■ **Problem**
Output only the lines below from the one holding "아름다운 얼음계곡에서 컵라면이라니.." down to the one holding "Ąžuolas - tvirtumo, išminties", both end lines included and every picture dropped.

■ **Data shown**
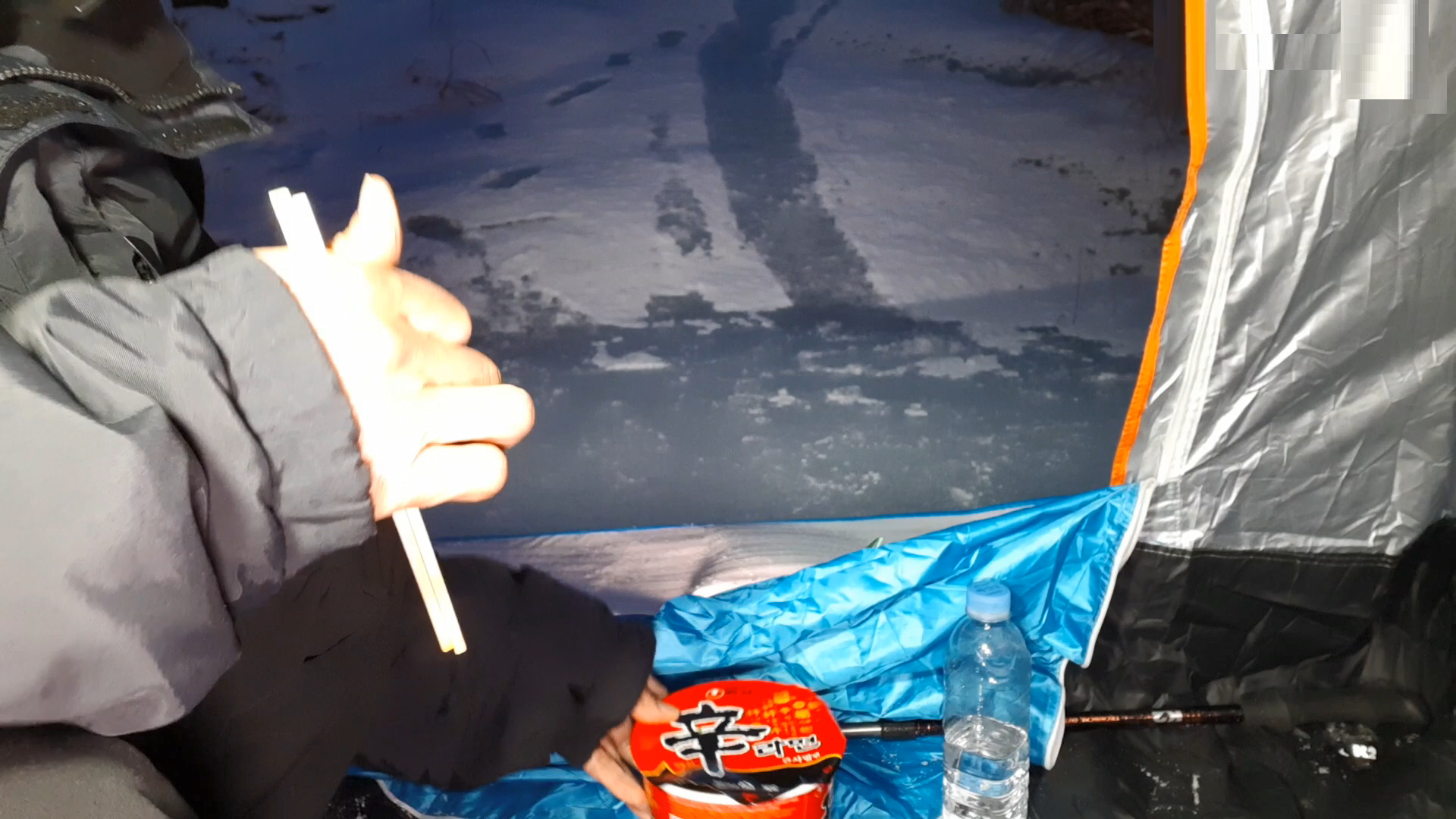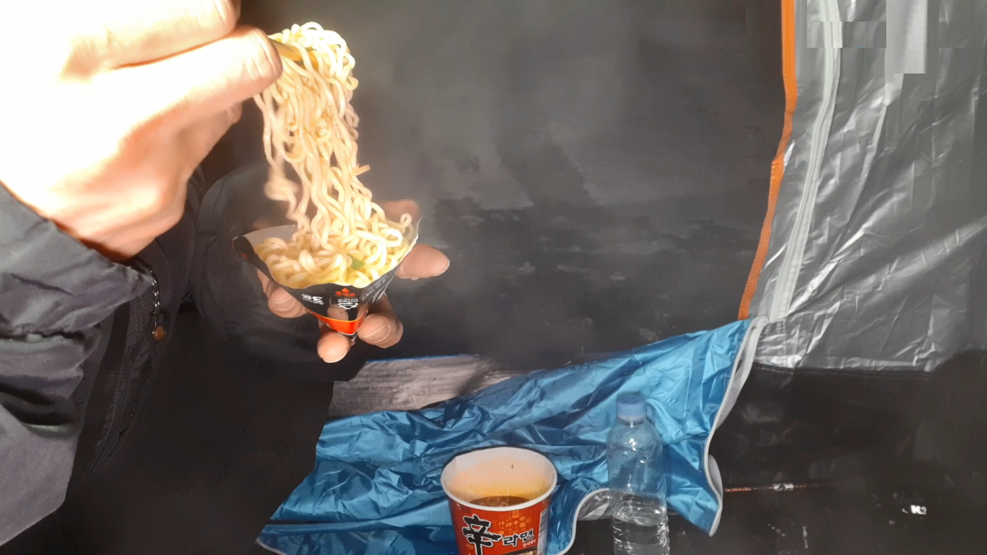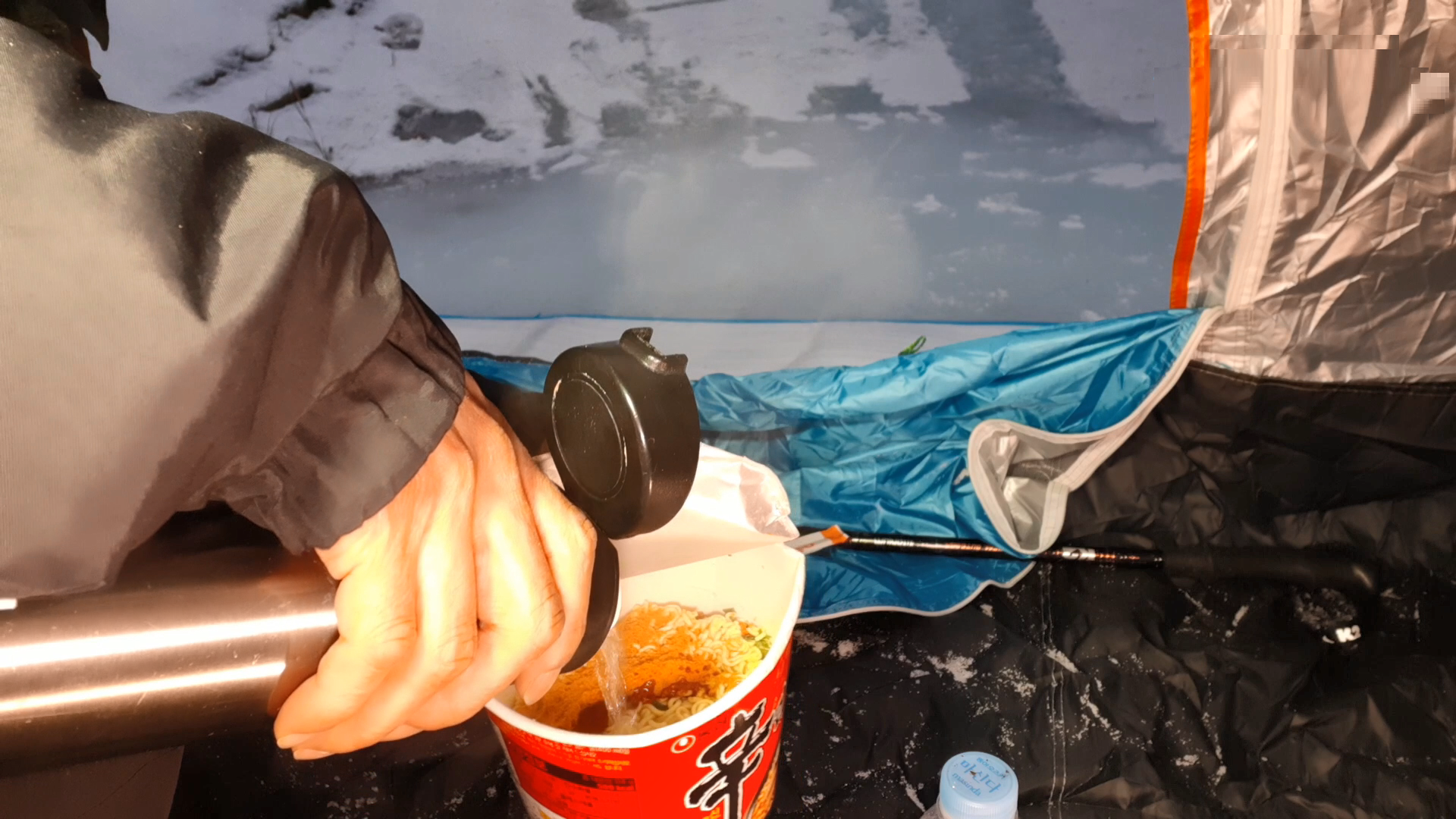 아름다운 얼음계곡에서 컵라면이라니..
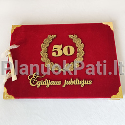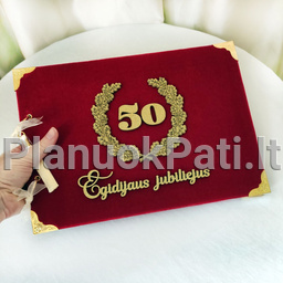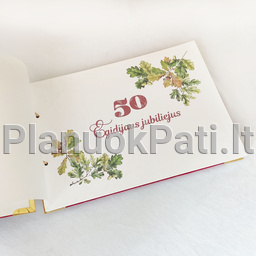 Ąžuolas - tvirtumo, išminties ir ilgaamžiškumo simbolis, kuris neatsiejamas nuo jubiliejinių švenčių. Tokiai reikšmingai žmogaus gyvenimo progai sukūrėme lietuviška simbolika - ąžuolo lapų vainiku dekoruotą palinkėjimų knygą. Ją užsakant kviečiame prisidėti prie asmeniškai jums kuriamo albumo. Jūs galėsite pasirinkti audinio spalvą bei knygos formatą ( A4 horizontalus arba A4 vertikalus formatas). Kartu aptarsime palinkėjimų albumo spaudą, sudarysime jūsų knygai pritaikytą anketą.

* * *

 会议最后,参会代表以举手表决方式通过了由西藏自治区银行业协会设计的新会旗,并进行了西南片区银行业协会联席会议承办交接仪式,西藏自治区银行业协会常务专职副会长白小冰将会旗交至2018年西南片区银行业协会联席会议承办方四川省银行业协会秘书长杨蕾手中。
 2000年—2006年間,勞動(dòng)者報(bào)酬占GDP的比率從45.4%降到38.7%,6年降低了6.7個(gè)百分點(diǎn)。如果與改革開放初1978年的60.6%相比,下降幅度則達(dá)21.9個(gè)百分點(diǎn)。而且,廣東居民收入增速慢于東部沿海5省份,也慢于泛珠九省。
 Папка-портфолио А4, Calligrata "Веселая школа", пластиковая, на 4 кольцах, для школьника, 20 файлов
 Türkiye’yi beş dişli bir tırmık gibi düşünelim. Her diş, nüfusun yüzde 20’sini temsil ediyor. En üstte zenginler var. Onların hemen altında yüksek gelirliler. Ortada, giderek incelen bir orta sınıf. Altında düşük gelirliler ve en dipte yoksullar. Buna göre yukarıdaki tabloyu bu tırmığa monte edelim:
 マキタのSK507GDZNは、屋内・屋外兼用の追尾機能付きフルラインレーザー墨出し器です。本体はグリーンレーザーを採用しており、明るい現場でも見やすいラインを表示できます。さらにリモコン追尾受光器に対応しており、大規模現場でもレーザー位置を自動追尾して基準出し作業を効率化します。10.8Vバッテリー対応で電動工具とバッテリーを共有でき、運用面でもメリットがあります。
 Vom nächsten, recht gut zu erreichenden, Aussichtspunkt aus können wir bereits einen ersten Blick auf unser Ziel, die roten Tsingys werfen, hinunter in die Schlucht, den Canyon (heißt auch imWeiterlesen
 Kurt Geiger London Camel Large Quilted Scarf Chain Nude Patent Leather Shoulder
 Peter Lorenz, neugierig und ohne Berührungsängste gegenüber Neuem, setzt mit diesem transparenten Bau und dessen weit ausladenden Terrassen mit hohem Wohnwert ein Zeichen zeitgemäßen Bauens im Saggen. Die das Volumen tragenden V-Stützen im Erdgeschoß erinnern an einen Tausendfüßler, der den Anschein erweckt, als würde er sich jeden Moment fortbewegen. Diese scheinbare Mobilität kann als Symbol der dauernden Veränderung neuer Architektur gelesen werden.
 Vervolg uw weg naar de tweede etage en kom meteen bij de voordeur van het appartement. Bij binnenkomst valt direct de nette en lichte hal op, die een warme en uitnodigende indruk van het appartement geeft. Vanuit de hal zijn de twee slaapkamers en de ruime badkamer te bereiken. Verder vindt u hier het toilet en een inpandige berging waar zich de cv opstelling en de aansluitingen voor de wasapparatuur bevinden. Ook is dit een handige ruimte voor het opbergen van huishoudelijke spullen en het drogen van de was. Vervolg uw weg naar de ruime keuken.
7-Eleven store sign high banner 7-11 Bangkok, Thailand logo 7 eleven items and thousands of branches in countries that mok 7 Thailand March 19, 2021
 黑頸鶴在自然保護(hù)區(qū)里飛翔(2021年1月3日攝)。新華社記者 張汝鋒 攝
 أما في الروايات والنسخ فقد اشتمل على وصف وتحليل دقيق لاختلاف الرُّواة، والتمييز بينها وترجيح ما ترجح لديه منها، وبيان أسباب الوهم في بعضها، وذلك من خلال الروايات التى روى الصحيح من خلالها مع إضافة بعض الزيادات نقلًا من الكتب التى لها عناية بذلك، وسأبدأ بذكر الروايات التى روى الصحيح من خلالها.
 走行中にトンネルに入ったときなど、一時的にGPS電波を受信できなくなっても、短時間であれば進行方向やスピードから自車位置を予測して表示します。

■ **Answer to the problem**
 아름다운 얼음계곡에서 컵라면이라니..
 Ąžuolas - tvirtumo, išminties ir ilgaamžiškumo simbolis, kuris neatsiejamas nuo jubiliejinių švenčių. Tokiai reikšmingai žmogaus gyvenimo progai sukūrėme lietuviška simbolika - ąžuolo lapų vainiku dekoruotą palinkėjimų knygą. Ją užsakant kviečiame prisidėti prie asmeniškai jums kuriamo albumo. Jūs galėsite pasirinkti audinio spalvą bei knygos formatą ( A4 horizontalus arba A4 vertikalus formatas). Kartu aptarsime palinkėjimų albumo spaudą, sudarysime jūsų knygai pritaikytą anketą.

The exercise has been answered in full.